Комната без хозяев словно нежилая стала - чистенько, душновато. Попугай вспорхнул было, их увидев, и успокоился, а свет зажгли, затих.
На столе белел лист бумаги, прижатый Евангелием.
- Тебе, Лев Ильич, записка, - сказала Маша.
Быстрым таким, четким почерком там стояло: "Лев Ильич, дорогой! Забыл сказать, может, главное: поинтересуйтесь книгами, приеду и про это поговорим подробно. У меня есть для Вас кое-что любопытное. Ну, храни Вас Бог!.."
Они присели, неловко было.
- Да вы что, как не дома? - засмеялась Маша. - Правда, что ли, не уезжать? Так не могу, ну никак не могу... Да! - вспомнила она. - Курите, откройте форточку и курите. Что ж делать, раз его нету - можно.
Они все трое сразу задымили, и правда, стало свободнее.
Маша собралась, Лев Ильич пошел проводить ее до двери, темно было в коридоре, он двинулся наугад, да вдруг как бы и ослеп от звона и грохота. Вера раскрыла дверь из комнаты, стало видно: большой белый таз как живой прыгал и звенел на полу.
Они еще молча посидели, покурили. Внизу в подъезде стукнула дверь - Маша совсем, знать, ушла.

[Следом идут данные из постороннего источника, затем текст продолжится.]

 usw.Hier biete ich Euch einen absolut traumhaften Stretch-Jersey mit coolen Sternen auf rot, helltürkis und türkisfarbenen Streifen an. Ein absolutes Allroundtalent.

Вера отправилась на кухню ставить чайник, Лев Ильич подошел к книжной полке, одну, другую вытащил - мудрено, куда ему, он про такие и не слышал никогда. На комнату оборотился: лампадка мерцала, иконы светились таинственно, в форточку ворвался ветер, крутанул бумажный лист - записку Кирилла Сергеича. Сыро было, знобко.
Лев Ильич спохватился, щелкнул портфелем, выставил коньяк на стол, развернул сыр, конфеты... А тут и Вера вошла с грибочками, увидела коньяк, улыбнулась.
- Гуляем значит?
- Не по себе, - сказал Лев Ильич. - Страшновато. Мне вот в голову зашло может, Маша не зря нас сюда отправила, так верней?

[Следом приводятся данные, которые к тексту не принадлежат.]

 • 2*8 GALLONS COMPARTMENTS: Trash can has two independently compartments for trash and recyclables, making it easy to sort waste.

- А ей-то что? - прищурилась Вера. - А уж вы не меня ль напугались?
- Страшно, - повторил Лев Ильич, - я никогда не спал в такой комнате... с иконами... Глядят... Или это - так, живопись на досках?

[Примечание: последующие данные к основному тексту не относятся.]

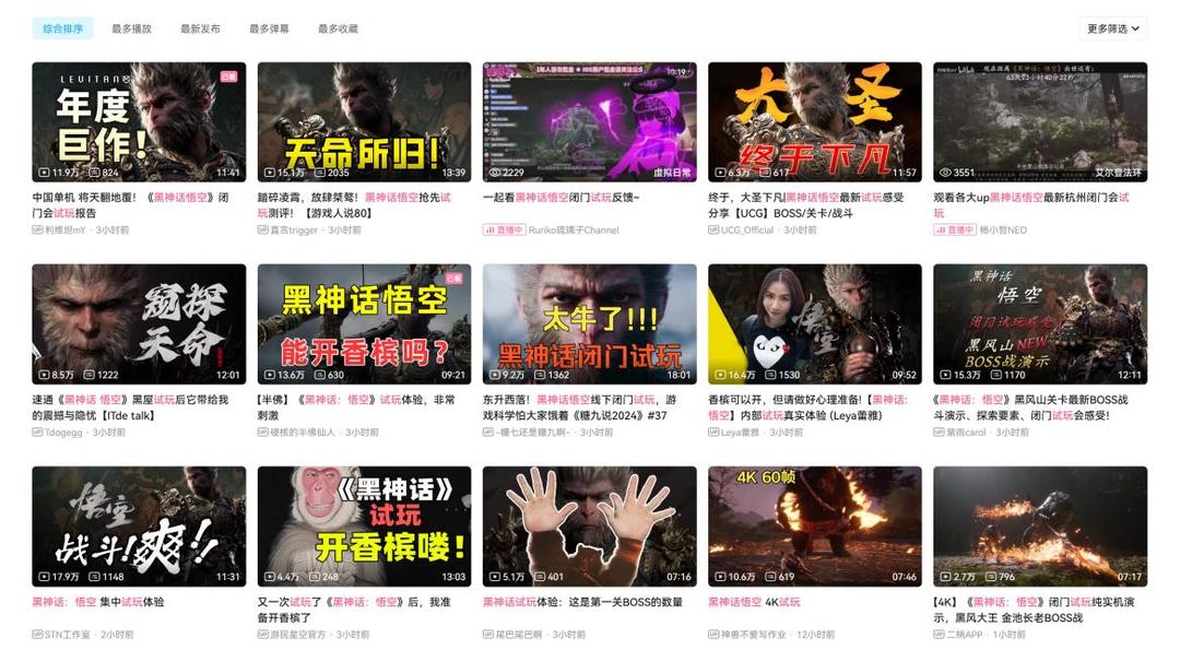 《黑神话:悟空》并非如今才火的,而是一直自带话题流量。2020年8月20日,游戏科学公布了《黑神话:悟空》的第一个13分钟实机操作视频。在发布两小时后,该视频就登顶B站热门榜首,吸引了超6万名同时在线观众,在一天之内播放量突破了700万次,弹幕数量超11.4万。2023年,《黑神话:悟空》在德国科隆游戏展展出,试玩排队时间长达数个小时,部分海外玩家接受采访表示,愿意坚持排队5小时,只为体验这款中国游戏。

- А думаете, в другой комнате, или за стеной, пусть каменной - спрячетесь, не увидят?
- Так считаете? - засмеялся Лев Ильич. - Ну а коли так, чего ж нам еще остается, как не выпить да в любви друг другу не объясниться?
- Ишь вы какой скорый.
- Какой же я скорый, - сказал Лев Ильич, откупоривая бутылку. - Я вас сто лет знаю, а до сего дня все молчал. Спасибо, вы меня слушаете, а то б и говорить запретили - чего ж, мол, сто лет собирался?
- А почему вы так думаете, что я вас слушаю?
- Верно... - сказал Лев Ильич, - зазнался... Ну, а не станете слушать, я сам для себя буду говорить. Вдруг услышите?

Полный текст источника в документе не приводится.